Today’s post continues my series of scenes that were cut from the book A Place of Her Own before its publication. In each of the scenes from my point of view I always started at a particular special place on the farm, where my thoughts would lead me to Martha and her situation. Then I would open Martha’s next chapter in the same location with her remembering back to her story. The editor found this too contrived, which it was. We changed that format. But I still like some of the descriptions of the places, like this one, and I believe my traipsing across the farm to these places, and thinking of Martha at each one, helped me get closer to her, even if many of those descriptions were cut. Clip…..
My kids’ good old dog William resting with me on the bluff.
Photo by Robin Loznak
The bluff, September 2010. I hopped onto the outcropping of large flat boulders overlooking a steep drop to the valley floor. Moss formed a patchy carpet on the stones, tufts of grass filling the crevices. I smiled. The bluff brought back memories of games my sister, Nancy, and I used to play. We would lie down at the edge of the overhang and keep watch on happenings below, filling our minds with imagined danger and excitement.
My daughter Carisa, with me today, stepped up beside me. An entire summer had passed since last I wandered the hills and fields of the farm seeking special places Martha might have walked in order to know this new land of hers.
Now it was fall. The first fall rains had come, but it was supposed to be clearing again, heading into the usual warm Indian summer. Dark gray clouds boiled overhead with a few bits of blue offering promise. Our coats still felt damp from the shower that caught us on our way here. I thought about Martha and the wanderlust that brought her to this place–her husband’s, but probably hers as well. What kind of danger and excitement did she face?
The soft, moist air wrapped around us as we stood on this hillside overlook, screened by the oak and myrtle trees that enclosed the bluff, giving it a pleasant feeling of seclusion, as if we could see out but might be comfortably hidden from any watchers outside. A young twisted oak stood directly out from the rimrock, offering glimpses between its branches of the lower fields and the wide green river flowing gently past. A grassy bench of land swept up from the bluff to the right, while a bank rose sharply behind, adding to our sense of enclosure.
In years past my sister and I used to take a trail to get here, a narrow animal trail that bit into an almost perpendicular hillside on our left. This time Carisa and I had taken the newer, easier route from the other direction, coming up a steep logging road, the Tree Farm Road, where a sign on the gate marked our designation as a certified Tree Farm.

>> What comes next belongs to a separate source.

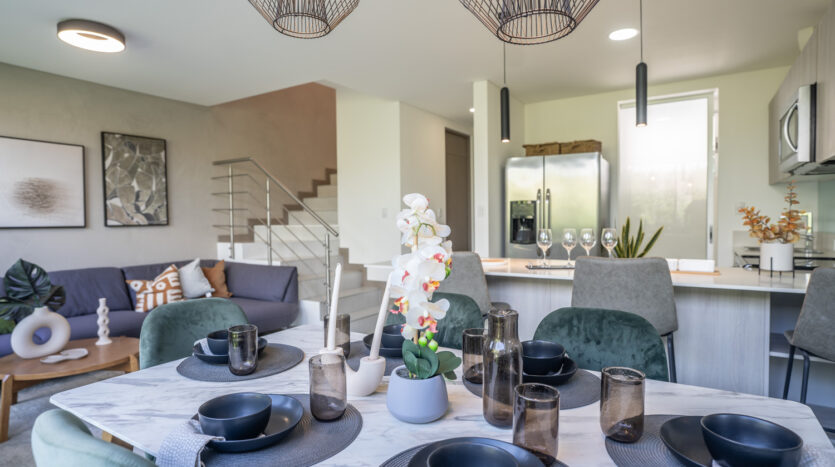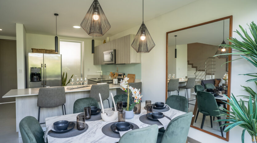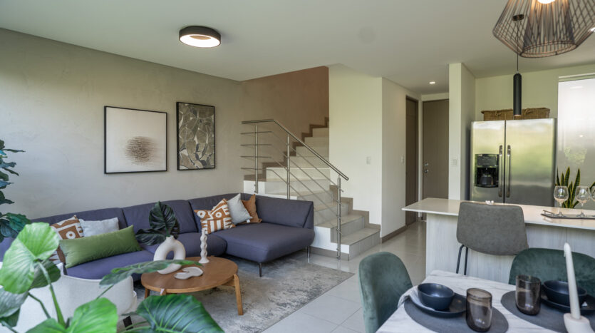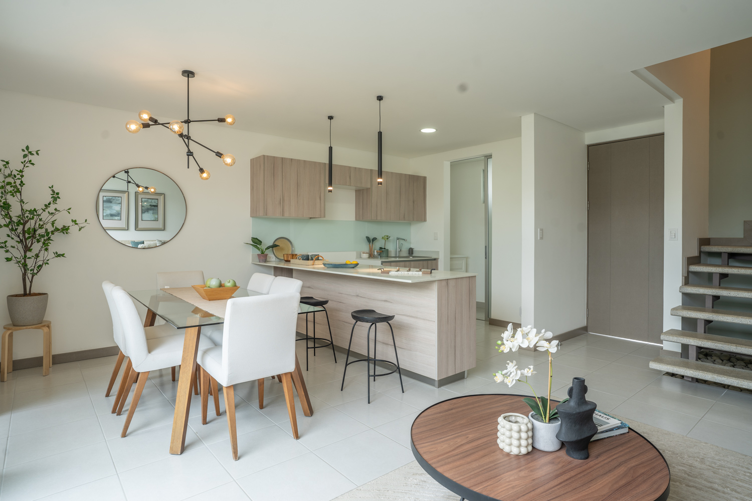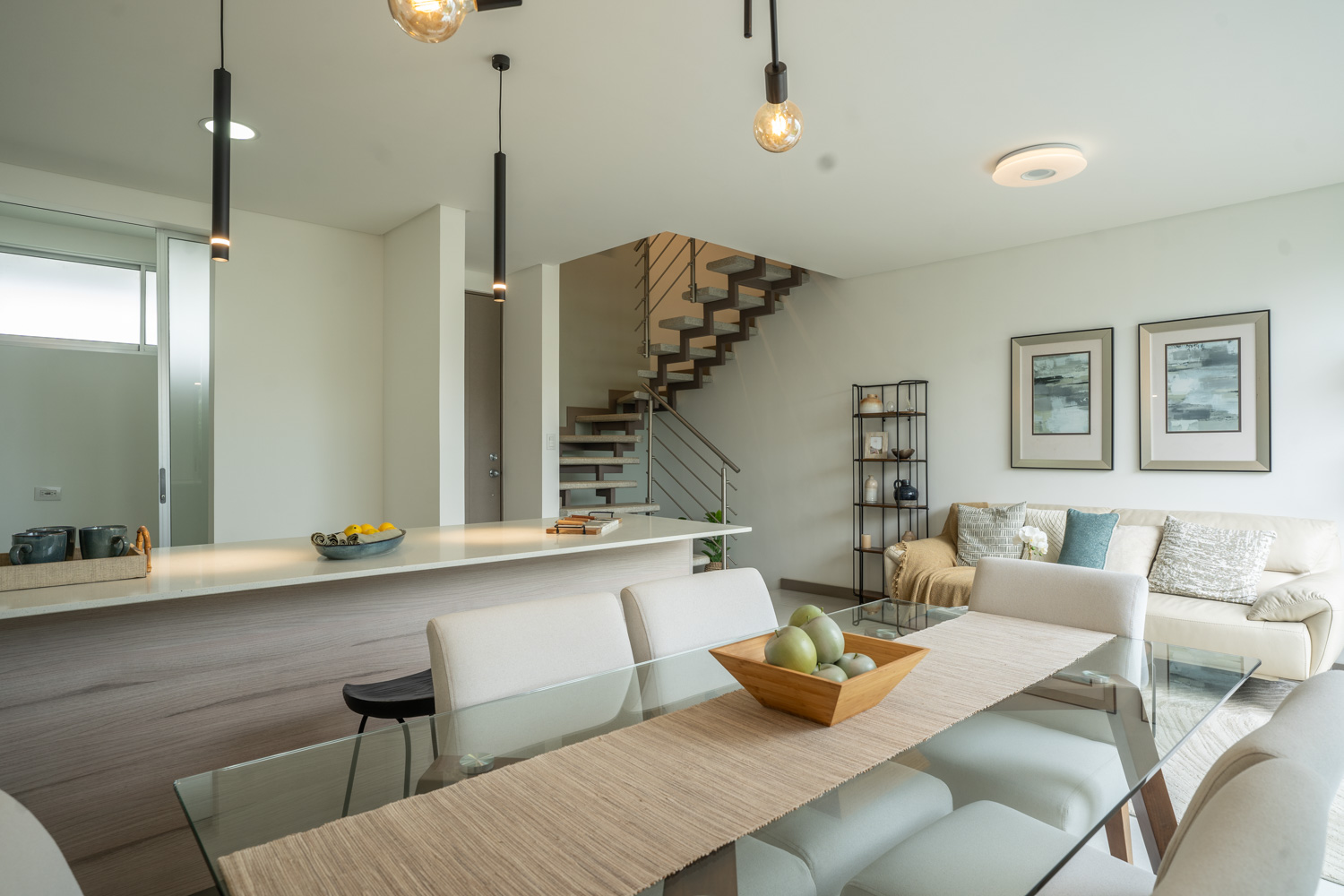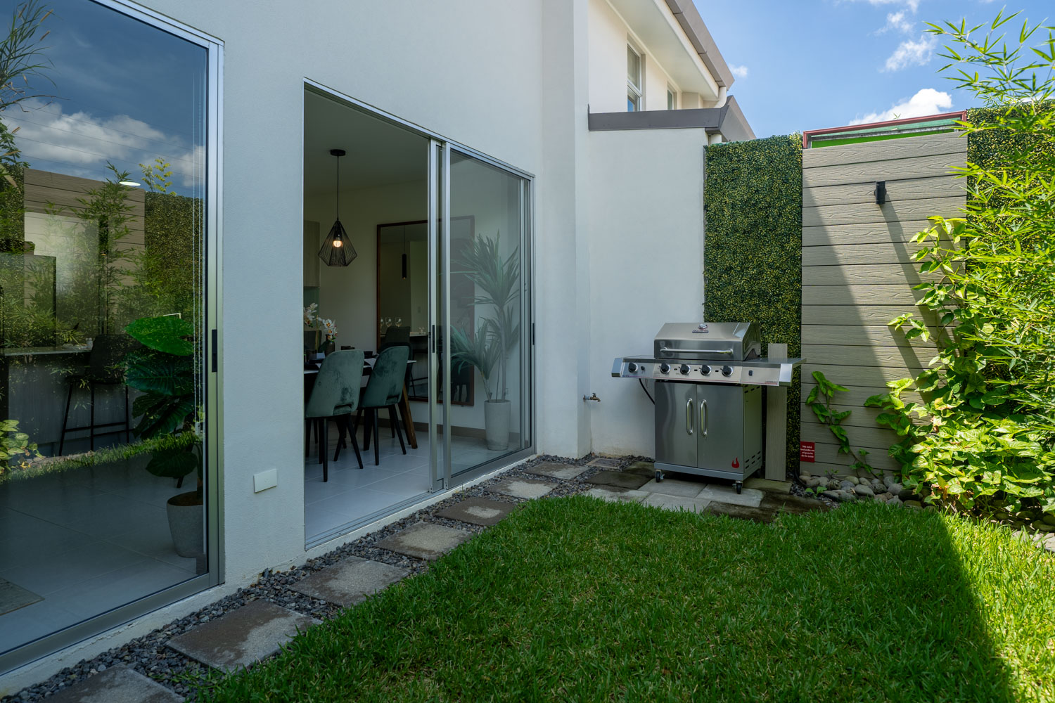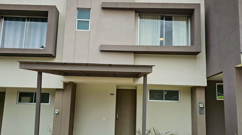 Posee parqueo para 2 carros, cocina, cuarto de lavado, sala-comedor en un espacio abierto, 1/2 baño de visitas, jardín trasero. En el segundo nivel   tiene una sala de TV al subir las gradas, 2 habitaciones secundarias que comparten 1 baño completo + 1 habitación principal con su baño privado.

In fact, before I could start the rough draft of this book I had to stop and write a new timber management plan and have the operation reviewed in order to be certified as my father had been. More than once, farm needs would pull me away from this story focused on the farm.
Did Martha come up here? Did she stand on these mossy rocks and contemplate the journey of her life that brought her to this lovely wilderness so terribly far from home? Whatever happened to her parents, Thomas and Maxy Poindexter? I doubt she ever saw them after that trip to Illinois for the birth of Leonora, a birthplace recorded by multiple census records that let me know Martha made the trip to have the child there. . . .
Questions haunted me as I plunged forward with this project. With other books, I’d often had the eerie feeling that stories were coming to me from somewhere–or someone–outside myself. I would set up a framework and ideas would flood in. That feeling hit much stronger this time, as if the messenger were closer to me. I wished whoever was sending these messages would refrain from flooding me with them at four in the morning. But I knew well that state of openness on the edge of sleep before the doubts of an awakened mind rose, letting the stuff of dream and spirit enter in.
Can you find out what happened to Martha’s parents? That would be so interesting
I did not find the parents, Wilma. I did a pretty thorough search when I was in Illinois and kept searching after I came home. The details of the search are in the book. It was one one of my big frustrations, but I finally had to let it go. One researcher who helped me said that sometimes there’s just nothing to find. But yes, it would be interesting.